Modulation of murine embryonic stem cell differentiation and gene expression by scaffold surface modification

Objectives: Cardiac progenitor cells derived from pluripotent cells are a promising cell source for cardiac regenerative therapy. The differentiation of embryonic stem (ES) cells is modulated by a network of molecular parameters but can also be influenced by properties of the surrounding substrate. Therefore, we have tested the hypothesis whether surface modification of the substrate the cells grow on can possibly affect the differentiation of ES cells into cardiac progenitors.

Methods: Murine Nkx2.5-CE-GFP ES cells, in which GFP is driven by a cardiac specific Nkx2.5 enhancer were differentiated into GFP-positive cardiac progenitor cells according to established “hanging drop” protocols. After two days embryoid bodies were collected and distributed onto normal culture dishes and on dentin slices (1.5 cm x 1.5 cm x 700 µm) half of which were subjected to a surface treatment using hydrochloric acid. This leads to demineralization of the surface and concomitant uncovering of the embedded collagen. After seven days the occurrence of GFP-positive cardiac progenitors was quantitated by FACS analysis. Gene expression of candidate genes was evaluated by qRT-PCR on a LightCycler 1.5.

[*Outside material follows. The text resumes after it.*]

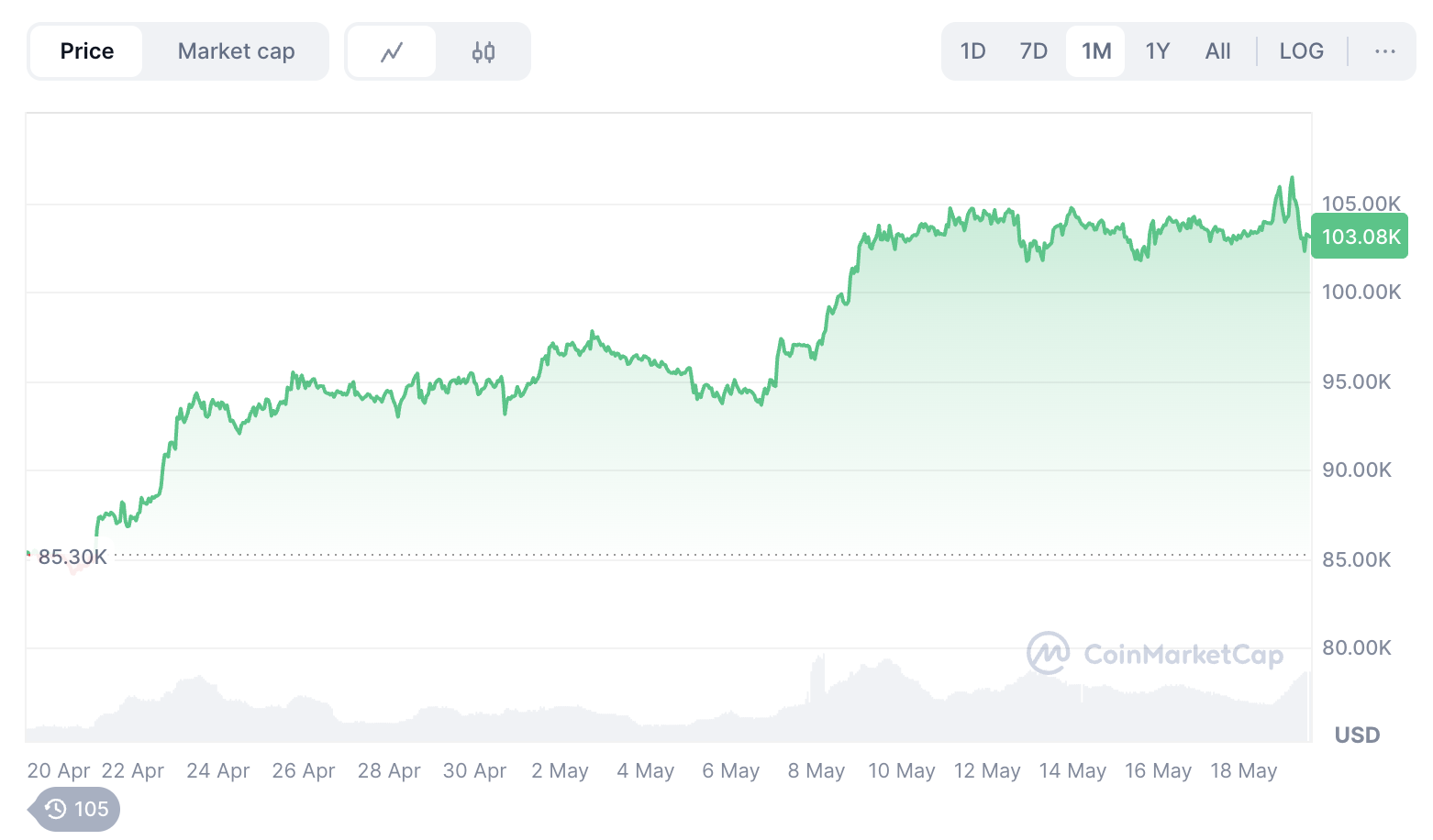 По данным CoinMarketCap, на момент написания этого материала BTC торгуется на уровне $103 000. Текущая отметка на 5% ниже исторического максимума (ATH) на $109 тыс. Его биткоин обновил в январе этого года.

Results: Nkx2.5-CE-GFP ES cells plated on normal culture dishes yielded approximately 1.1 ± 0.1% GFP-positive cardiac progenitor cells after seven days. A similar frequency (1.3 ± 0.1%, p= 0.22) was detected when the cells were plated on untreated dentin chips. On the demineralized surface, the fraction of GFP-positive cardiac progenitors was dramatically reduced to 0.3 ± 0.1% (p< 0.0001). Likewise, the expression of the essential cardiac transcription factor Nkx2.5 was strongly downregulated in these cells (p< 0.001) compared to cells differentiated on untreated dentin chips or on normal culture dishes. Comparable results were obtained with Islet1. In contrast, the expression of Hand2 remained virtually similar under all differentiation conditions. Finally, we analyzed the expression of Tnnt2 as a marker for terminal cardiac differentiation. Again in the population differentiated on the demineralized surface Tnnt2 expression was significantly reduced (p< 0.001).

Conclusions: Our results show that a change in substrate surface can heavily influence the differentiation of ES cells into cardiac precursors. The data suggest an important role of either collagen binding or mechanosensing of ES cells which may possibly be reflected by a selective modulation of certain molecular intracellular components.